Düşük karbonlu ekonomi, sürdürülebilirlik, doğa koruma yurttaşların ekonomik ve sosyal yaşamına dokunduğu zaman siyasileşir. Bu siyasete çekiliş çoğu zaman da siyasi partiler ve ulusal meclis veya yerel yönetimler üzerinden değil de, toplumsal hareketler üzerinden gerçekleşir.
YAZI: Dr. Barış Gençer BAYKAN, Yeditepe Üniversitesi Öğretim Üyesi
Çevreci sivil toplum kuruluşları (STK), toplumda meşruiyetlerini sağlamak için faaliyet alanlarını siyaset üstü bir tartışma olarak kodlamaya meyillidirler. Bunun pratikteki ifadesi tüm siyasi partilere eşit mesafede olmak, adaylara eşit şekilde yaklaşmak olarak düşünülebilir. Seçimler tüm toplumsal taleplerin dillendirildiği dönemlerdir. Çevre de bu konuda istisna değildir. 24 Haziran 2018’de gerçekleşen erken Cumhurbaşkanlığı ve Milletvekilliği seçimleri çevre ve enerji konularında 60 günlük dönemde kısa da olsa bir siyasi fırsat penceresi açtı. Gerek geçtiğimiz 10 yıldaki altyapı yatırımlarının, özellikle kentlerde orta sınıfların nezdinde betonlaşmanın çok hoş karşılanmaması, son dönemlerde yapılan güvenilir kamuoyu anketlerinde “çevre” duyarlılığının yüksek seyretmesi, dışa bağımlılık ekseninde yapılan enerji tartışmalarına muhalefetin yenilenebilir enerji önerileri doğrultusunda güneş ve rüzgarın sızabilmesi önemliydi.
Çevre STK’ları ve çevre hareketinin diğer bileşenleri bu dönemde tüm siyasi partilere ve cumhurbaşkanı adaylarına ekosistem odaklı politikalar üretmeleri ve sahip çıkmaları için çağrılar yayınladı. TEMA Vakfı, 2011/2015’te yayınladığı toprak, su, orman gibi doğal varlıkların korunması, iklim değişikliğiyle mücadeleye ve sürdürülebilir tarıma varan önerilerin yer aldığı Eko Siyaset belgesini 2018’de de yineledi. 11 çevreci STK, iklimi koruma ve en kısa zamanda Paris Anlaşması’nı onaylama çağrısı yaptı. 2018 Mart ayında 50’den fazla yerel ekoloji örgütünce kurulan Ekoloji Birliği de çevre adına oy verilmeyecek politikaları öne çıkardı. Elbette bu tür belge ve çağrıların partiler ve siyasetçiler üzerindeki etkilerinin ancak sembolik olabileceğini görmek gerekir.

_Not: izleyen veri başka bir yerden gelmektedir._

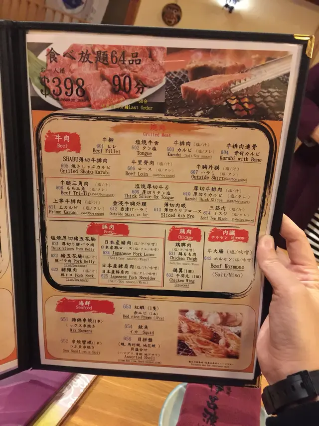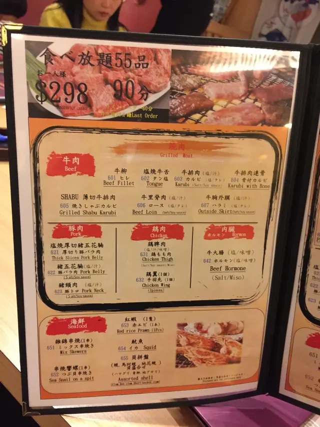 同同學仔片完車,再一齊去尖沙咀食燒肉放題,呢個都係團購嘅,$268一個大人,小朋友無買團購就$164,大人食當日要比$30小費!去到門面好日式,有隻大熊本熊在門口迎賓,入內更驚喜,個場裝修日本和式廳堂,中央有個榻榻米地台,要脫鞋先可以上去,旁邊就分咗幾個有簷嘅小室,有晒門簾,燈光略暗!好有味道!我味坐中間地台,有腳位可以放腳(唔使盤膝!)一條長方枱對坐,好似日本婚宴咁,未有其他客時,地台比我哋玩晒,好free,坐低就落單,有普通(55品)同豪華版(64品),我哋係普通版,限時90分鐘,寫紙仔好快就到!牛肉🐮牛柳鹽燒牛舌:薄切牛排肉:牛排肉牛排肉連骨牛里脊肉牛胸內膜我主打牛肉,連骨嗰款唔喜歡,其他款式都比想像中好,牛肉淋無筋,雖然唔算好雪花(一分錢 一分貨)每款肉味濃,最長最肥嗰款最淋(一次燒得多,燒嘅時間會起大火🔥🔥🔥)牛舌薄,易燒又彈牙,食食食貝拼盤🐚(蜆、馬珂貝、地花蜆)錫紙盤內放汁,幾款貝分唔到,肉唔算肥,不過無沙又無腥,好味!紅蝦🦐好大隻,燒熟肉質爽!好味魷魚🦑無食雞翼🐔無食,食咗嘅朋友話完全無味(雞翼白雪雪)又厚又難燒熟!粟米🌽南瓜🎃枝豆:無食牛舌拌青瓜:牛舌碎唔彈牙,反而似內臟嘅沙沙地,青瓜爽口,麻辣醬汁辣辣地好味!芝士薯餅:無食天婦羅拼盤(蝦🦐茄子🍆南瓜🎃)無食炸豆腐:無食煮牛筋腩:無食燒飯糰🍙配埋醬油同油掃,飯糰自己燒,第一次邊燒邊掃失敗,第二次掃好晒醬油,燒嘅時候唔好經常翻,燒好一面脆才轉面!鹹鹹地脆卜卜好味!白飯🍚無食蛋花湯🍲無食冷麵🍜無食豆腐沙律🥗凍豆腐嫩滑,加蕃茄同洋蔥碎好清爽牛舌沙律🥗無食蔬菜沙律🥗好爽脆,加啲油醋汁已好味可樂、忌廉、雪碧、Ginger Ale:簡單罐裝汽水店員有禮!上食物好快手,唔寫紙開口講都得!好快速!(得90分鐘,你拖我就生氣)小朋友多,難免嘈吵!店員都好包容食物選擇多,水準不錯,服務有禮,環境舒服,一大班人都唔覺迫,正!$268(大人團購)+$30(大人小費)+$164(小童連小費)

Seçmenlerde çevre duyarlılığı yüksek olsa da oy tercihini değiştirebilecek bir dinamik haline gelmemiştir henüz.
25 Haziran 2018 sabahı itibarıyla muhalefetin ilk etapta Meclis’te elde etmeyi umduğu çoğunluğa ulaşamaması sebebiyle çevre ve enerji konularında olası bir politika değişikliği için fırsat penceresinin kapandığını söyleyebiliriz. Türkiye küresel ekonomik gelişmeler izin verdiği ölçüde fosil yakıtlara dayalı karbon ekonomisini yaşatmaya devam edecektir. Yeşil siyaset, yerel yönetimlerde ve TBMM’de temsil edilmediği sürece çevre STK’ları güçleri yettiği ölçüde siyasiler üzerinde baskı aracı oluşturmaya ve toplumdaki farkındalığı artırmaya devam edeceklerdir.
Yurttaşlar çevre alanında bile olsa makro politikalardan ziyade somut, yerel ve kısa vadede yaşamlarını olumlu veya olumsuz değiştirecek kararlara katılmaya veya tepki vermeye daha yakındır. Düşük karbonlu ekonomi, sürdürülebilirlik, doğa koruma, yurttaşların ekonomik ve sosyal yaşamına dokunduğu zaman siyasileşir. Bu siyasete çekiliş çoğu zaman da siyasi partiler ve ulusal meclis veya yerel yönetimler üzerinden değil de, toplumsal hareketler üzerinden gerçekleşir. Bu yüzden “X bölgede HES yüzünden Y köy ayağa kalkmış ama bunu destekleyen Z partisi %70 almış” haberlerini sıkça duyarız.